How to complete this task> Go to the line with "The table illustrates" in the entries below and write out every line from there through the line with "Дети-дошкольники могут спокойно", exactly and without pictures.

Data under study>
Content starts
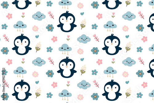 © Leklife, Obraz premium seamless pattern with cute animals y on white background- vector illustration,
Content ends
Content starts
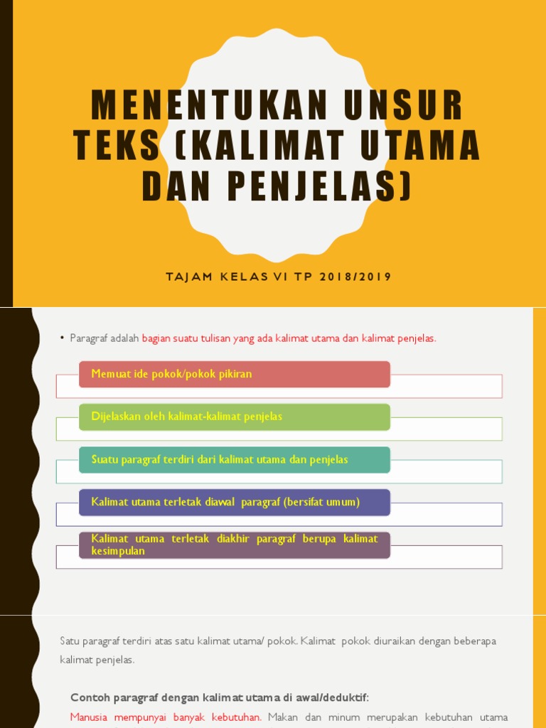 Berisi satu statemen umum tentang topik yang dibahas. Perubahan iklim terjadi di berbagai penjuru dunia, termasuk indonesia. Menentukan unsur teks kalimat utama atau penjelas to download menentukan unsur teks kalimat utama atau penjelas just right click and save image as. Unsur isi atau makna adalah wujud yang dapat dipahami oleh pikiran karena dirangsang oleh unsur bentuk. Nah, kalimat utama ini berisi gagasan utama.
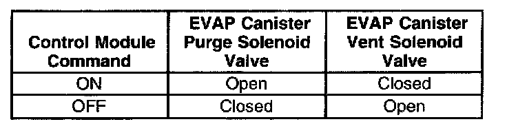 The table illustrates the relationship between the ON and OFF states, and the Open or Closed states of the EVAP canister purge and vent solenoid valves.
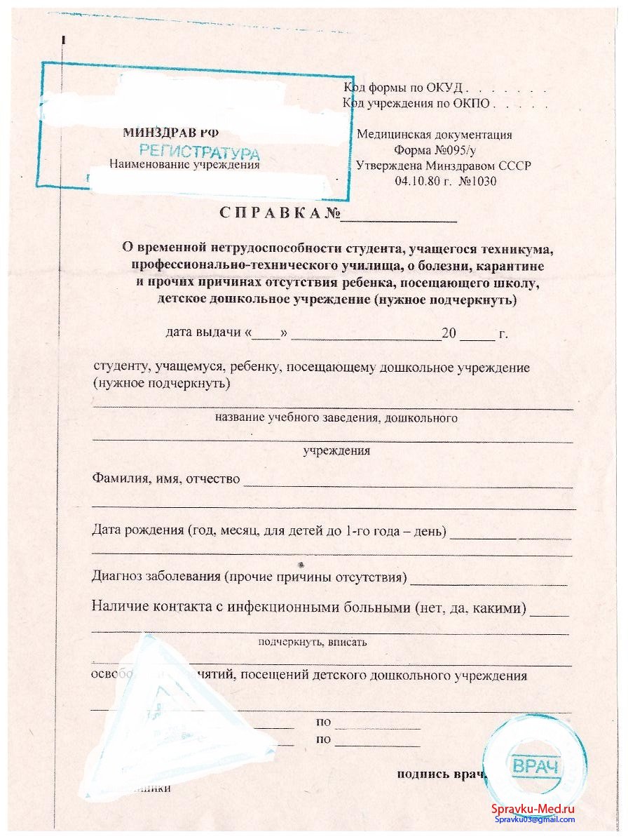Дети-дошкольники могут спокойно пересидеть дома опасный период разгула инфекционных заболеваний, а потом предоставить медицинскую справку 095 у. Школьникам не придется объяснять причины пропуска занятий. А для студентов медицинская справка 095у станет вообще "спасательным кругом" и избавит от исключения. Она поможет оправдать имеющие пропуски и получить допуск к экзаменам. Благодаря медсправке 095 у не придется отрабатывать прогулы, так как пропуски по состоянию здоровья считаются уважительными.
Content ends
Content starts
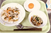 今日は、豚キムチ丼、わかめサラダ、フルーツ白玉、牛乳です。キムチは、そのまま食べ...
Content ends
Response for this exercise>
 The table illustrates the relationship between the ON and OFF states, and the Open or Closed states of the EVAP canister purge and vent solenoid valves.
Дети-дошкольники могут спокойно пересидеть дома опасный период разгула инфекционных заболеваний, а потом предоставить медицинскую справку 095 у. Школьникам не придется объяснять причины пропуска занятий. А для студентов медицинская справка 095у станет вообще "спасательным кругом" и избавит от исключения. Она поможет оправдать имеющие пропуски и получить допуск к экзаменам. Благодаря медсправке 095 у не придется отрабатывать прогулы, так как пропуски по состоянию здоровья считаются уважительными.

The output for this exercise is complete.